The problem
Among the records that follow, set down only the lines from the one containing "会の冒頭では、輪になって自己" to the one containing "Cínica y Drama", both included, exactly.

________

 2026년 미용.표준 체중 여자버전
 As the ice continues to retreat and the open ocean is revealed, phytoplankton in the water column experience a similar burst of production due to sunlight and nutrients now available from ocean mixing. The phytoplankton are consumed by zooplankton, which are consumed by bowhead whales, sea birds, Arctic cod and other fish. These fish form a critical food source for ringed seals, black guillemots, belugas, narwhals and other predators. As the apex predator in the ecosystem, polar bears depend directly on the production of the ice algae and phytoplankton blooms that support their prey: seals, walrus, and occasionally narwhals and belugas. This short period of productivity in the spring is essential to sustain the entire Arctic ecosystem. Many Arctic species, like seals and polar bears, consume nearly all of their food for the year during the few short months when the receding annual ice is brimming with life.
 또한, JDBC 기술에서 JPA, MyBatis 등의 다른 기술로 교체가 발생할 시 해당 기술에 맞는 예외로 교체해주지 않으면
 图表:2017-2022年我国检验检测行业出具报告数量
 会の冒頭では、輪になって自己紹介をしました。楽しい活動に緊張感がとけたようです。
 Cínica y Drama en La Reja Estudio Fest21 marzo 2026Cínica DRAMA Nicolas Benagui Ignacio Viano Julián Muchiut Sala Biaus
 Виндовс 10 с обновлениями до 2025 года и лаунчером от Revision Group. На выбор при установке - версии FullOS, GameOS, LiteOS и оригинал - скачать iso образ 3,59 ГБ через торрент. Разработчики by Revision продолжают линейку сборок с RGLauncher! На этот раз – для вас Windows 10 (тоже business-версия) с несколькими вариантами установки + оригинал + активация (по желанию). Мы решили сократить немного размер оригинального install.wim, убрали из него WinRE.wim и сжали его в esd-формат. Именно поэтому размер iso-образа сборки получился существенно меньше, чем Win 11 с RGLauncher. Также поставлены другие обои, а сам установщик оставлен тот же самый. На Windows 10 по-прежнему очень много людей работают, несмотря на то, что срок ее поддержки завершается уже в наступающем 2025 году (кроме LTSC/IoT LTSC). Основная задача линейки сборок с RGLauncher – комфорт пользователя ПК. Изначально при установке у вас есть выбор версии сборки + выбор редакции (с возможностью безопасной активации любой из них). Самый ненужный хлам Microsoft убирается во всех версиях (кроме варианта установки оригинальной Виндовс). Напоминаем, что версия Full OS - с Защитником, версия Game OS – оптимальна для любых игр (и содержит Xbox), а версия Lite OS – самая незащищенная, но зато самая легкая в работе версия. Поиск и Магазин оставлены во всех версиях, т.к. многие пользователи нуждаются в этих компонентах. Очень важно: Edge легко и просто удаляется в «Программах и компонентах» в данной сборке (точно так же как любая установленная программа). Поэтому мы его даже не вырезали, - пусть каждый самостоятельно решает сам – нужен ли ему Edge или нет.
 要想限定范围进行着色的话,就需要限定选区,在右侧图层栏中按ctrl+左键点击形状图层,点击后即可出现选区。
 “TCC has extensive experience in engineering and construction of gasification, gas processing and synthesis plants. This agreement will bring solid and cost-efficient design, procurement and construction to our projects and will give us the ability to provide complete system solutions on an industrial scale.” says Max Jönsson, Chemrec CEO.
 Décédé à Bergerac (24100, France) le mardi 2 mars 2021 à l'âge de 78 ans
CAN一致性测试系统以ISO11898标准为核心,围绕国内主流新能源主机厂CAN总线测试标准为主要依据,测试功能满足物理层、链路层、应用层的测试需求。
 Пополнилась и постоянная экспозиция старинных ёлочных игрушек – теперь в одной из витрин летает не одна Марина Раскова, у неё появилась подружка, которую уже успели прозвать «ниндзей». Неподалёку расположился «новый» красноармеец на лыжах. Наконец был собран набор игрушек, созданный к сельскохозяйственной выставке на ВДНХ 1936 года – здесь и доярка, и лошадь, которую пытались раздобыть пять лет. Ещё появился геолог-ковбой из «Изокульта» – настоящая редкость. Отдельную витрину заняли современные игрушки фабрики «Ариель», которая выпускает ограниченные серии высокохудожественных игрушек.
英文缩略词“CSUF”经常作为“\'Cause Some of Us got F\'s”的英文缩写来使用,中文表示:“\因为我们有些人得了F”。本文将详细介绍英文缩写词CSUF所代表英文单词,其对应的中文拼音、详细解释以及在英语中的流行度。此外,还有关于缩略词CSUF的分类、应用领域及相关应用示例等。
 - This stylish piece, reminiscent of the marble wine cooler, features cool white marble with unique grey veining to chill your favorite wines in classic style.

________

Answer for this exercise
 会の冒頭では、輪になって自己紹介をしました。楽しい活動に緊張感がとけたようです。
 Cínica y Drama en La Reja Estudio Fest21 marzo 2026Cínica DRAMA Nicolas Benagui Ignacio Viano Julián Muchiut Sala Biaus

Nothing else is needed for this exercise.